# Task statement
Leave the pictures out and reproduce all the entries word for word.

# Provided records
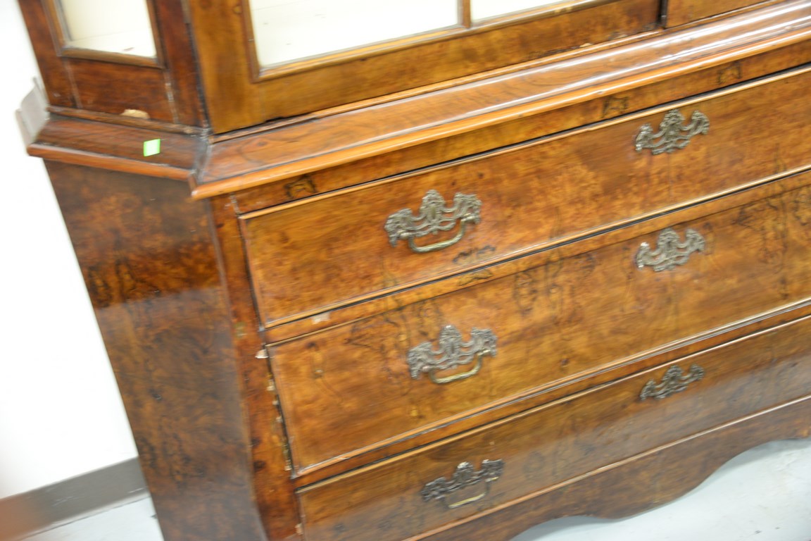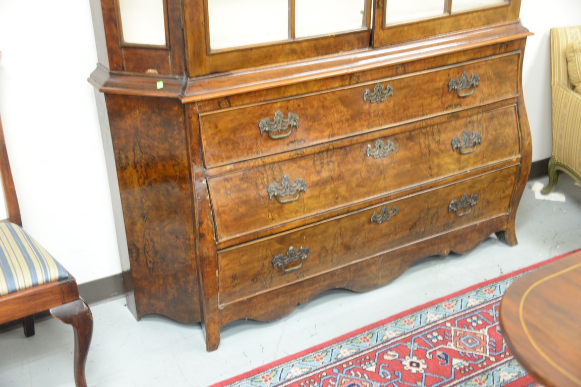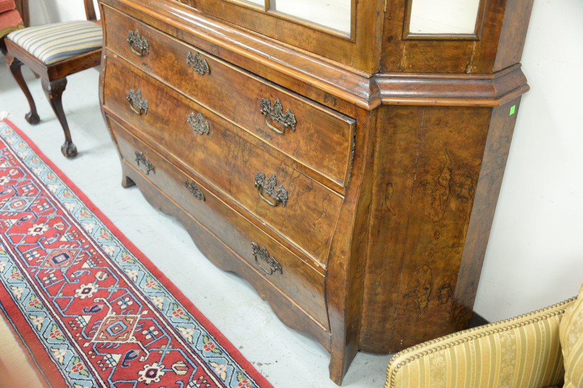 Lot 210: Dutch breakfront in two parts, upper section with arched top, two glazed doors on lower portion having three long drawers set on fla…
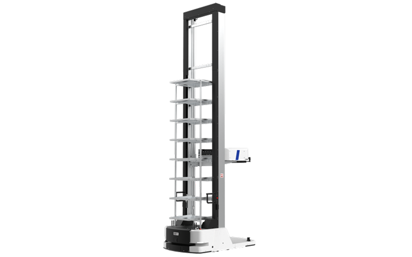 伸縮升降料箱機器人專為 12 米高的倉庫打造。該機器人靈活應對多層存儲需求,有效提升倉庫的垂直空間利用率,最大化空間效能。
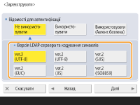 2 | Виберіть комбінацію версії LDAP-сервера та кодування символів і натисніть <Далі>. ![]() |
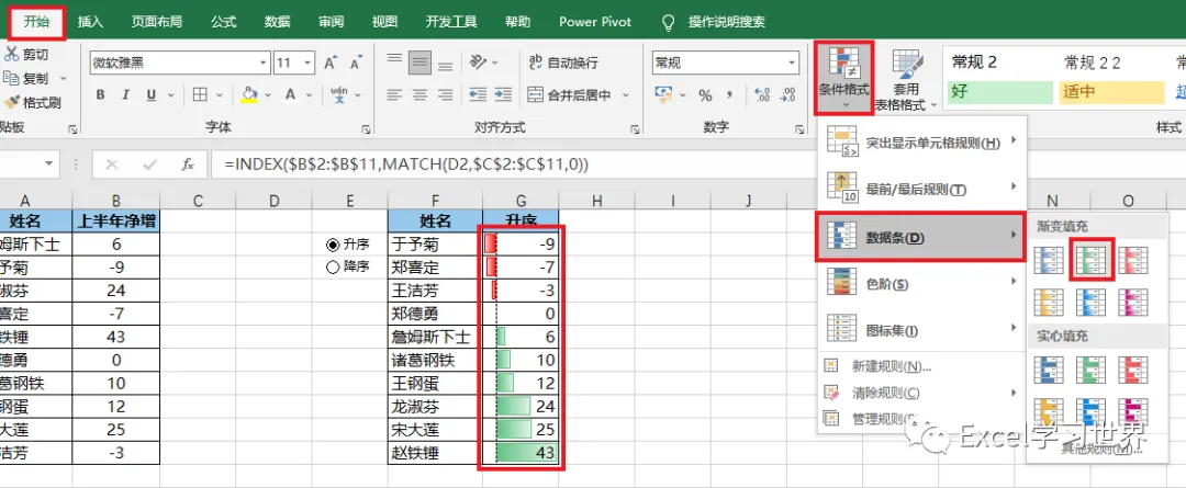16. 选中 G2:G11 区域 –> 选择菜单栏的“开始”–>“条件格式”–>“数据条”–> 选择所需的数据条颜色
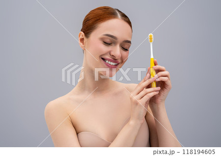 Pretty slim female performing morning dental hygiene routine
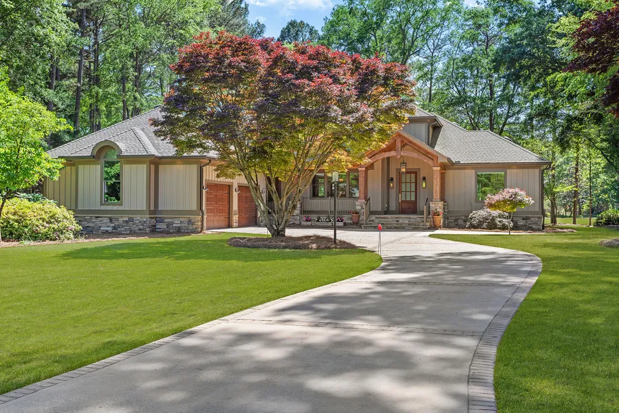 New construction with golf and lake views! Being sold by the original owner, this home was completely rebuilt inside and out in 2020 and is located on the picturesque sixteenth Hole of the Jack Nicklaus Great Waters Signature Golf Course. Spectacular open floorplan perfect for entertaining, the floor to ceiling windows offer an amazing view of golf and lake views from almost every room in the house. The main level features a luxurious master suite with zero entry walk-in shower and spa bath features, chefs kitchen with oversized island, wet bar complete with wine fridge and ice maker, study, family room, sunroom, eat-in kitchen area, a separate den, and dining room, large laundry room with plenty of cabinets for storage, white oak hardwood floors throughout & timeless upscale trim. The upper level features two additional large bedrooms with ensuite baths. Enjoy the cool evenings with fire from your terrace patio. This home has too much to list. Must see! Golf Membership is being made available.
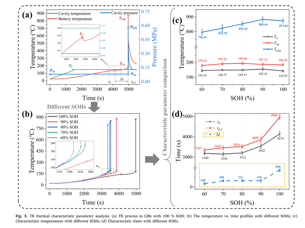 本研究利用BAC-90A小型電池絕熱量熱儀,配套密封罐裝置,采用150℃恒溫模式,對(duì)不同健康狀態(tài)(SOH:100%~60%)的鋰電池開展熱失控測(cè)試與產(chǎn)氣壓力監(jiān)測(cè)。通過聯(lián)用氣相色譜儀分析不同SOH電池?zé)崾Э貧怏w成分及含量變化,揭示了熱失控時(shí)序與電池?zé)岱€(wěn)定性的關(guān)聯(lián)機(jī)制。
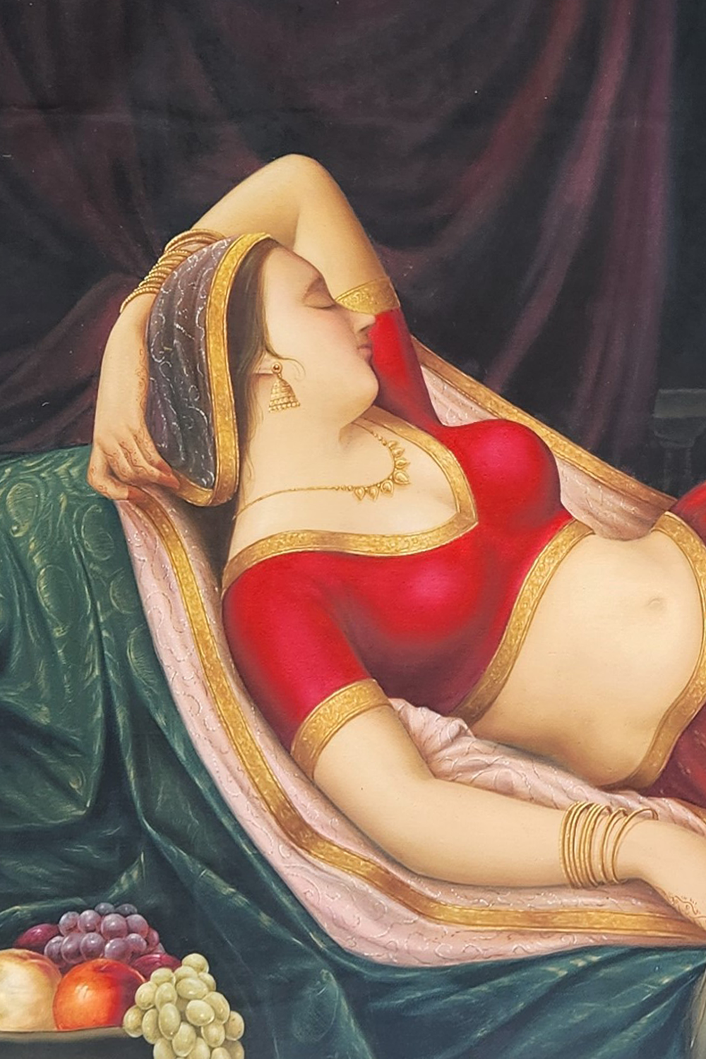 Vishraam captures a moment of serene elegance—a woman reclines gracefully on a plush divan, enveloped in the richness of traditional Indian textiles and jewelry. Her red sari, embellished with gold, flows around her like a tapestry of heritage, while her posture exudes quiet confidence and leisure. The dark, moody background hints at a luxurious interior, subtly framing her presence without distraction. A small arrangement of fruits near her adds a touch of domestic opulence. Painted with original mineral pigments, this oil artwork carries a timeless depth and tactile richness. It evokes themes of femininity, rest, and cultural pride, making it a striking centerpiece for interiors that celebrate Indian heritage and refined storytelling.
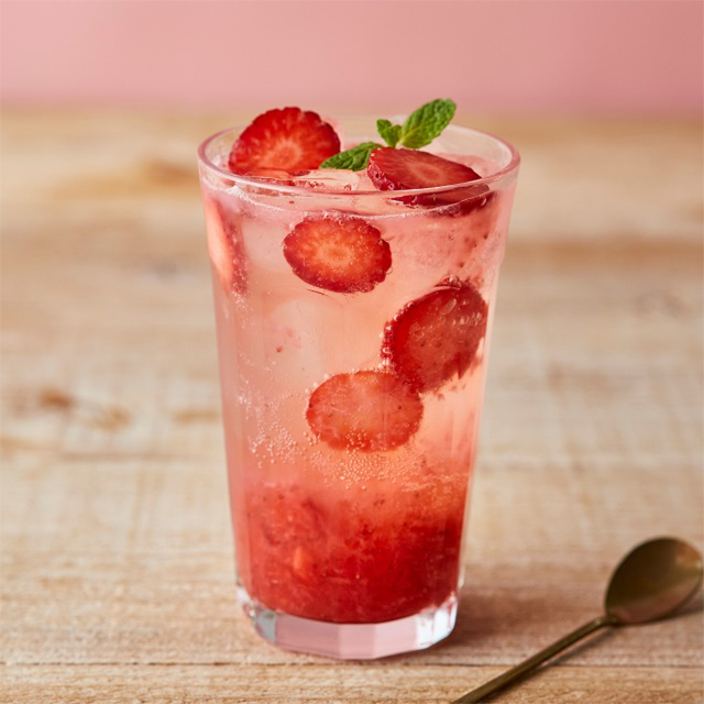 自家製いちごさんシロップに、しゅわしゅわソーダを合わせてフレッシュいちごさんをトッピング。

# Reply
 Lot 210: Dutch breakfront in two parts, upper section with arched top, two glazed doors on lower portion having three long drawers set on fla…
 伸縮升降料箱機器人專為 12 米高的倉庫打造。該機器人靈活應對多層存儲需求,有效提升倉庫的垂直空間利用率,最大化空間效能。
 2 | Виберіть комбінацію версії LDAP-сервера та кодування символів і натисніть <Далі>. ![]() |
16. 选中 G2:G11 区域 –> 选择菜单栏的“开始”–>“条件格式”–>“数据条”–> 选择所需的数据条颜色
 Pretty slim female performing morning dental hygiene routine
 New construction with golf and lake views! Being sold by the original owner, this home was completely rebuilt inside and out in 2020 and is located on the picturesque sixteenth Hole of the Jack Nicklaus Great Waters Signature Golf Course. Spectacular open floorplan perfect for entertaining, the floor to ceiling windows offer an amazing view of golf and lake views from almost every room in the house. The main level features a luxurious master suite with zero entry walk-in shower and spa bath features, chefs kitchen with oversized island, wet bar complete with wine fridge and ice maker, study, family room, sunroom, eat-in kitchen area, a separate den, and dining room, large laundry room with plenty of cabinets for storage, white oak hardwood floors throughout & timeless upscale trim. The upper level features two additional large bedrooms with ensuite baths. Enjoy the cool evenings with fire from your terrace patio. This home has too much to list. Must see! Golf Membership is being made available.
 本研究利用BAC-90A小型電池絕熱量熱儀,配套密封罐裝置,采用150℃恒溫模式,對(duì)不同健康狀態(tài)(SOH:100%~60%)的鋰電池開展熱失控測(cè)試與產(chǎn)氣壓力監(jiān)測(cè)。通過聯(lián)用氣相色譜儀分析不同SOH電池?zé)崾Э貧怏w成分及含量變化,揭示了熱失控時(shí)序與電池?zé)岱€(wěn)定性的關(guān)聯(lián)機(jī)制。
 Vishraam captures a moment of serene elegance—a woman reclines gracefully on a plush divan, enveloped in the richness of traditional Indian textiles and jewelry. Her red sari, embellished with gold, flows around her like a tapestry of heritage, while her posture exudes quiet confidence and leisure. The dark, moody background hints at a luxurious interior, subtly framing her presence without distraction. A small arrangement of fruits near her adds a touch of domestic opulence. Painted with original mineral pigments, this oil artwork carries a timeless depth and tactile richness. It evokes themes of femininity, rest, and cultural pride, making it a striking centerpiece for interiors that celebrate Indian heritage and refined storytelling.
 自家製いちごさんシロップに、しゅわしゅわソーダを合わせてフレッシュいちごさんをトッピング。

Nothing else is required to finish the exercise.